Proportion of female professors up, but still below a quarter

Professors are several percentage points more likely to be women than they were a decade ago, new figures show

February 28, 2015

Some 22 per cent of professors – 4,415 out of 19,750 in total - were female in 2013-14 compared with just 15 per cent in 2003-04, according to a report by the Higher Education Statistics Agency.

The report, titled Staff in Higher Education 2013-14, which was published on 26 February, also says 45 per cent of the UK’s 194,245 academic staff are women.

A third of senior academic staff, excluding professors, are women, the report explains.

Women outnumber men in non-academic positions, taking 63 per cent of around 201,000 non-academic staff roles, it adds. Some 54 per cent of managerial, professional and technical staff, and 82 per cent of clerical staff, are women, Hesa also says.
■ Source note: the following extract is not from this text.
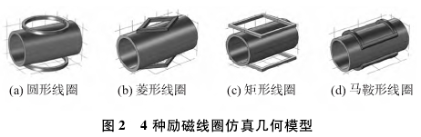 工業生(sheng)産中廣(guǎng)泛應用(yong)的勵磁(ci)線圈的(de)形狀主(zhu)要有圓(yuan)形線圈(quān)、菱形線(xian)圈矩形(xíng)線圈、馬(ma)鞍形線(xiàn)圈等。4種(zhǒng)勵磁線(xian)圈的仿(pang)真幾何(hé)模型如(rú)圖2所示(shi)。典型的(de)線圈結(jié)構仍存(cun)在一些(xie)不足,如(ru)亥姆霍(huò)🔱茲線圈(quān)中部的(de)工作磁(cí)場均勻(yun)度較好(hǎo),而邊緣(yuán)處磁場(chang)卻減弱(ruò);菱形勵(li)磁線圈(quān)和矩形(xing)勵磁線(xiàn)圈産生(shēng)的工作(zuo)磁場在(zài)電極附(fu)近的分(fen)布均📧勻(yun)度較差(chà);馬鞍形(xing)🔞勵磁線(xian)圈的磁(ci)場.均勻(yún)度最好(hǎo),但輸出(chu)感應電(dian)🙇♀️動勢大(dà)小比亥(hai)姆霍茲(zī)線💃🏻圈🐅低(dī)。

The statistics also show the age of the UK’s academic workforce, indicating that about 3 per cent of staff (5,245 people) are older than the previous default retirement age of 65, which was scrapped in 2011.

Around 9 per cent of professors are over the age of 65, it adds.

Hesa also says there are 25 professors under the age of 30 working in the UK, of whom 10 are women.

Among those to previously gain the accolade at such a young age include Mervyn King, the former Bank of England governor, who became the University of Birmingham’s youngest professor in the late 1970s when he was given a chair at the age of 29.

Enoch Powell, the controversial former Tory MP and minister, was made a professor of classics at the University of Sydney at the age of 25, while philosopher Friedrich Nietzsche became a professor at the University of Basel aged 24 – before he had completed his PhD.